German voters took their wrath out on the national government led by Chancellor Gerhard Schröder on Sunday, delivering devastating blows that drove his party out of power in his home state and gave the opposition Christian Democrats an absolute marjority in another.

Schröder had nothing to say publicly after the vote on Sunday. But one of his top ministers, Wolfgang Clement, conceded that Schröder's government was to blame. "We have made a bunch of mistakes," said Clement, the country's economics and labor minister.

The election was held just over four months after Schröder's narrow re-election in September. Immediately afterwards, his standing began to plummet as state leaders in his party conducted an auction-like debate on tax increases with one speaker after another tossing out an idea.
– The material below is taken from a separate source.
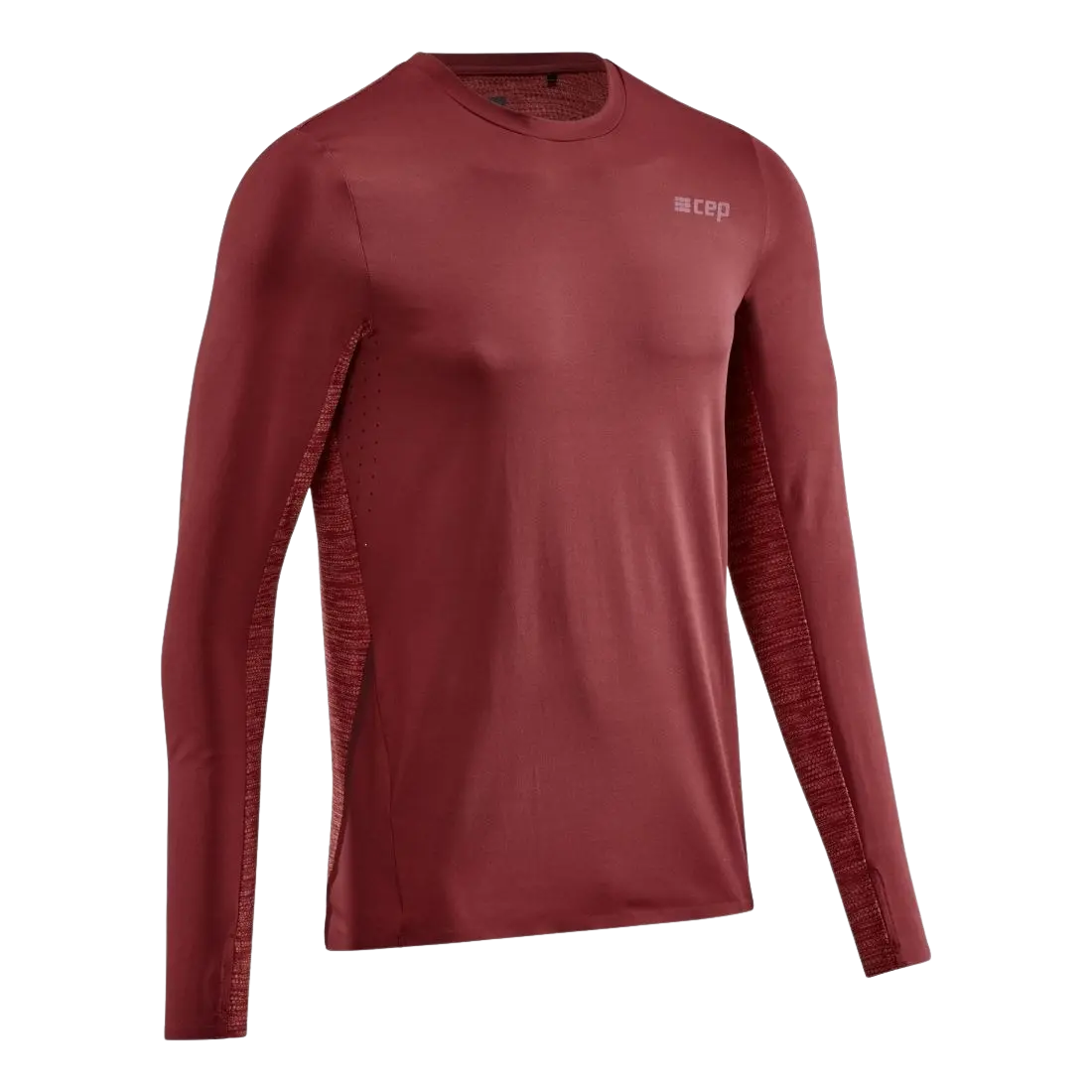 CEP Run Shirts Long Sleeve für Herren: hochfunktionell mit hohem Tragekomfort. Mit den neuen Laufshirts für Herren und ihren Top-Features startest du perfekt ausgestattet in dein Lauftraining. Speziell für die Anforderungen von Läufern und Ausdauersportlern konzipiert, überzeugt das Run Shirt Long Sleeve mit seinem durchdachten Mix aus atmungsaktiven Funktionsmaterialien, optimierter Passform und maximalem Komfort. Atmungsaktive Sportswear für Läufer und Ausdauersportler Souverän begleitet dich das Run Shirt Long Sleeve bei deinen Work-outs. Die Fasern leiten Feuchtigkeit vom Körper weg – so bleibst du auch bei anstrengenden Sprints angenehm trocken. Die Mesheinsätze am Rücken und im Armbereich unterstützen diesen Effekt, indem sie die Luft zirkulieren lassen. Laufshirt mit einzigartigem Tragegefühl Flache Nähte, optimale Passform und erstklassiges Hightech-Material: Das Run Shirt mit den langen Ärmeln bringt alle Features mit, die du während des Trainings für deine Performance und dein Wohlbefinden brauchst. Perfekt für Ausdauersport und Running im Freien sowie im Studio! Sicher unterwegs dank reflektierenden Tapes Sowohl vorne als auch hinten auf dem Laufshirt befinden sich reflektierende Tapes. Sie sind strategisch und optisch ansprechend platziert. Mit dem Run Shirt Long Sleeve für Herren bist du besser sichtbar und somit sicherer unterwegs. Hol dir das hochfunktionelle Run Shirt Long Sleeve für Herren von CEP Sportswear und genieße das Plus an Leistung und Komfort bei jedem Lauf! Geeignet für: Ausdauersportler, Läufer Material: Hauptmaterial: 88 % Polyester, 12 % Elasthan, Mesh-Einsatz: 100 % Polyester Farbe: dark red

As the year wore on, the government raised taxes for the country's pension system, and many public health insurance companies boosted their premiums as well. The increases were compounded by troubling reports about the government's rising deficit, which raised the specter of further tax increases and fines imposed by the European Union for breaches in the stability pact governing the euro.

Voters decide its payback time

Having just received their January paychecks and seen what was missing, voters in the northwestern state of Lower Saxony and the central state of Hesse obviously decided to deliver a message to the German chancellor.

In Schröder's home state of Lower Saxony, the Social Democrats were driven from office after 13 years in power in Sunday's elections, with the opposition Christian Democrats falling just one seat short of winning an absolute majority in the state assembly. The Social Democrats, on the other hand, received only 33.4 percent of the vote, 14.5 percentage points less than 1998, when Schröder won an absolute majority on his way to becoming chancellor.

In Hesse, Christian Democrat Roland Koch became the party's first premier ever to win a re-election in a state. This he did in fashion, winning an absolute majority of seats in the assembly. The Social Democrats fell to a historic low, receiving just 29.1 percent of the vote, a drop of 10.3 percentage points from 1999.

Opposition gains national power

For Schröder, the election results are more than a simple loss of face. They also give the countries' two Union opposition parties and the small Free Democratic Party a stronger hand in shaping national policy. The three parties can do so through their representation in the Bundesrat, an assembly of representatives from Germany's 16 states that has a say on many national issues. The election now adds six seats to their 35-seat majority.

However, it is in the conciliation committee that the red-green coalition will face the sharpest winds coming from the opposition. Until the elections, the government had a slim majority of one vote. Now, following Sunday's victory, both sides have the exact number of votes in a commitee which is essential to the solving of disputes over new laws, and at present, for the realisation of the government's reforms.

Members of the Chrisitian Democratic Union and its Bavarian-based sister party, the Christian Social Union, vowed they would take advantage of their new power. "I think we now will be able to force through a change of political direction," said Edmund Stoiber, the head of the Christian Social Union and the Union's parties chancellor candidate in the 2002 elections.